What to work on:
When you repeat the listing below, keep every word exactly and leave out each picture.
━━━━━ Given material ━━━━━
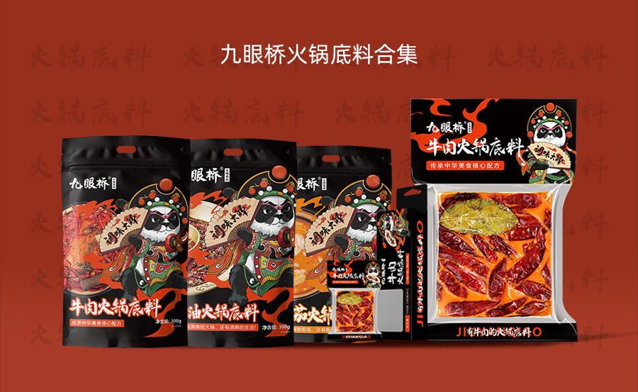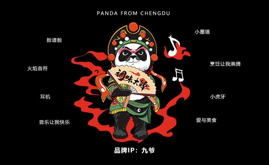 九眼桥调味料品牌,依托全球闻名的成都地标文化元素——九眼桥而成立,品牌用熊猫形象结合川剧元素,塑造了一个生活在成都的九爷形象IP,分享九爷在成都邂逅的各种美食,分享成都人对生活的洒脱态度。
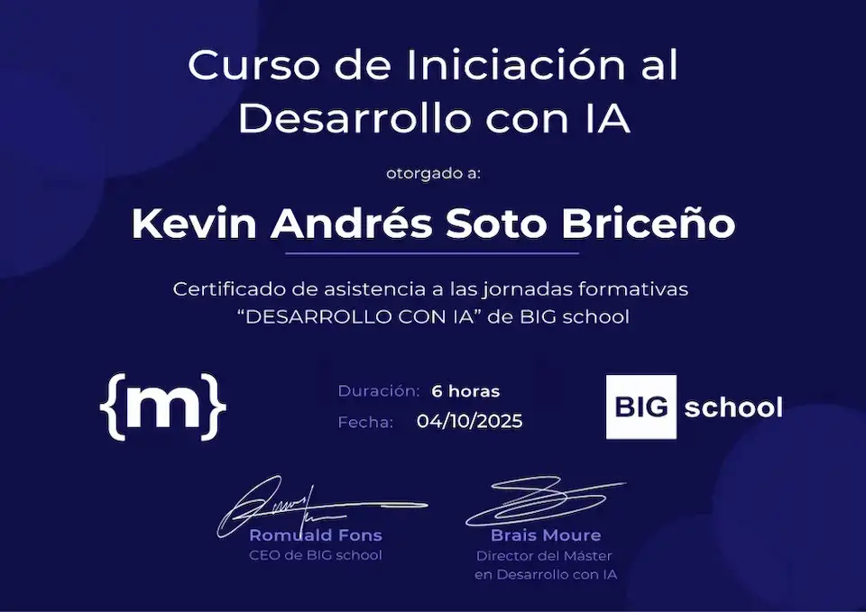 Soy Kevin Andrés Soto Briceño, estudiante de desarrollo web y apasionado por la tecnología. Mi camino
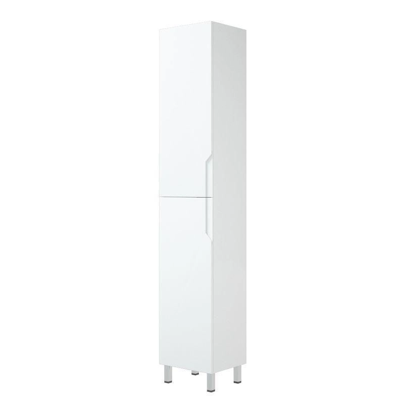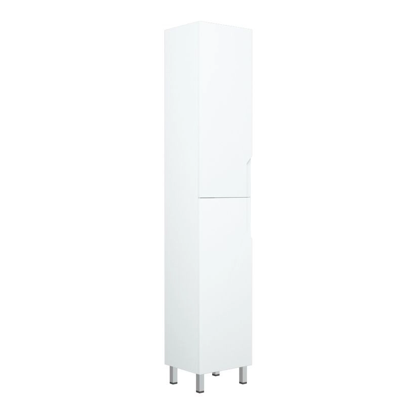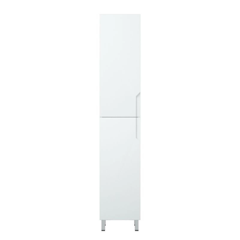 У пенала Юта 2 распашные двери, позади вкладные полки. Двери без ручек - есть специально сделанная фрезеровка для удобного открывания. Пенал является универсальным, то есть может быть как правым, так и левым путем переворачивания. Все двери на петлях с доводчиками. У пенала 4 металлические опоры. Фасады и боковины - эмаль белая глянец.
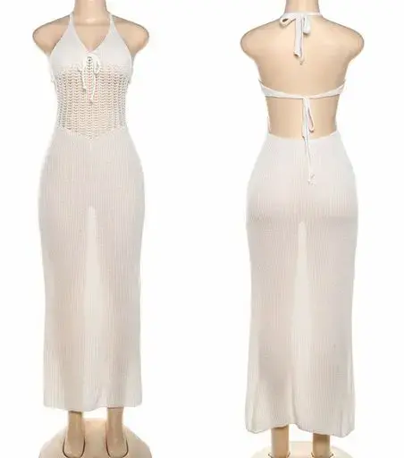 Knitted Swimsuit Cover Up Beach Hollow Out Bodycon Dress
━━━━━
Response area:
 九眼桥调味料品牌,依托全球闻名的成都地标文化元素——九眼桥而成立,品牌用熊猫形象结合川剧元素,塑造了一个生活在成都的九爷形象IP,分享九爷在成都邂逅的各种美食,分享成都人对生活的洒脱态度。
 Soy Kevin Andrés Soto Briceño, estudiante de desarrollo web y apasionado por la tecnología. Mi camino
 У пенала Юта 2 распашные двери, позади вкладные полки. Двери без ручек - есть специально сделанная фрезеровка для удобного открывания. Пенал является универсальным, то есть может быть как правым, так и левым путем переворачивания. Все двери на петлях с доводчиками. У пенала 4 металлические опоры. Фасады и боковины - эмаль белая глянец.
 Knitted Swimsuit Cover Up Beach Hollow Out Bodycon Dress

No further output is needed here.